Extract the whole listing as it stands. Do not include the pictures.

Dataset section START

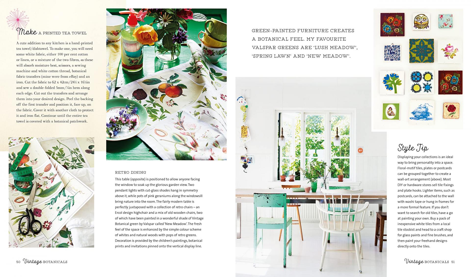 첫 번째 챕터인 식물에 대한 영감(Botanical Inspirations)에서는 가정을 변화시킬 신선한 아이디어의 원천으로 골동품 식물 프린트와 예술품, 꽃 가판대, 화분 창고, 관엽 식물 등 룩의 재료를 설명합니다. 계속해서 Selina는 스타일의 다섯 가지 측면을 탐구합니다. Vintage Botanicals는 꽃 수채화와 압화의 부드러운 팔레트를 기념하는 반면, Boho Botanicals는 정글 화분에 심은 식물과 꽃 화환으로 자유로운 1970년대 분위기를 연출합니다. Industrial Botanicals의 다양한 질감과 현대적인 매력은 광택이 나는 콘크리트, 녹슨 금속, 벗겨지는 페인트와 빈티지 과학 포스터가 있는 실험실 유리를 결합하여 현대적인 느낌을 줍니다. 다음으로 Natural Botanicals는 앤티크 프린트와 박물관 표본 케이스를 기반으로 향수를 불러일으키는 반면, Tropical Botanicals는 대담한 잎사귀 모티프, 선인장, 야자나무를 특징으로 하여 매력적인 복고풍 분위기를 연출합니다. 책 전반에 걸쳐 Selina의 DIY 메이크 및 스타일 팁은 집에서 보태니컬 스타일의 질감, 색조 및 분위기를 재현하는 방법에 대한 풍부한 제안을 제공합니다.
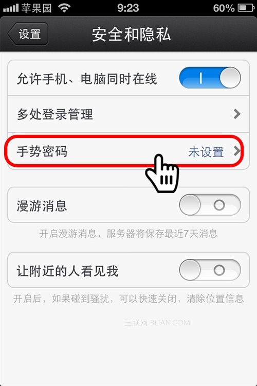 第4步:進入選擇“手勢密碼”選項。
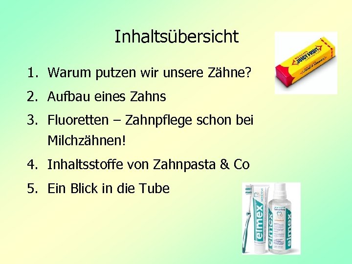 Inhaltsübersicht 1. Warum putzen wir unsere Zähne? 2. Aufbau eines Zahns 3. Fluoretten – Zahnpflege schon bei Milchzähnen! 4. Inhaltsstoffe von Zahnpasta & Co 5. Ein Blick in die Tube
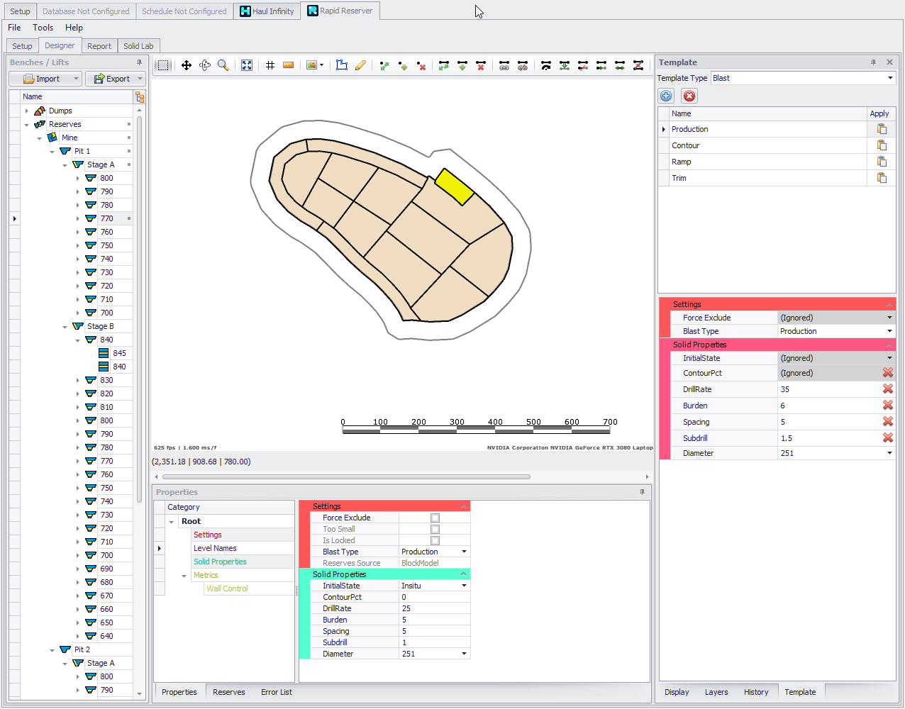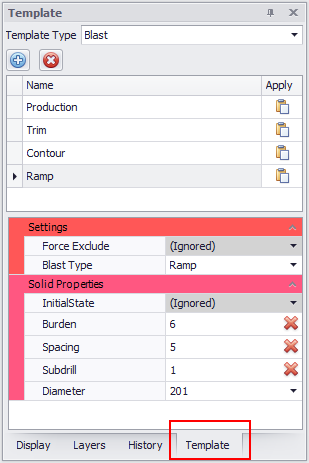 Templates allow users to quickly assign Blast and Dig properties to objects in the Viewport.

Dataset section END

• Your response:
 첫 번째 챕터인 식물에 대한 영감(Botanical Inspirations)에서는 가정을 변화시킬 신선한 아이디어의 원천으로 골동품 식물 프린트와 예술품, 꽃 가판대, 화분 창고, 관엽 식물 등 룩의 재료를 설명합니다. 계속해서 Selina는 스타일의 다섯 가지 측면을 탐구합니다. Vintage Botanicals는 꽃 수채화와 압화의 부드러운 팔레트를 기념하는 반면, Boho Botanicals는 정글 화분에 심은 식물과 꽃 화환으로 자유로운 1970년대 분위기를 연출합니다. Industrial Botanicals의 다양한 질감과 현대적인 매력은 광택이 나는 콘크리트, 녹슨 금속, 벗겨지는 페인트와 빈티지 과학 포스터가 있는 실험실 유리를 결합하여 현대적인 느낌을 줍니다. 다음으로 Natural Botanicals는 앤티크 프린트와 박물관 표본 케이스를 기반으로 향수를 불러일으키는 반면, Tropical Botanicals는 대담한 잎사귀 모티프, 선인장, 야자나무를 특징으로 하여 매력적인 복고풍 분위기를 연출합니다. 책 전반에 걸쳐 Selina의 DIY 메이크 및 스타일 팁은 집에서 보태니컬 스타일의 질감, 색조 및 분위기를 재현하는 방법에 대한 풍부한 제안을 제공합니다.
 第4步:進入選擇“手勢密碼”選項。
 Inhaltsübersicht 1. Warum putzen wir unsere Zähne? 2. Aufbau eines Zahns 3. Fluoretten – Zahnpflege schon bei Milchzähnen! 4. Inhaltsstoffe von Zahnpasta & Co 5. Ein Blick in die Tube
 Templates allow users to quickly assign Blast and Dig properties to objects in the Viewport.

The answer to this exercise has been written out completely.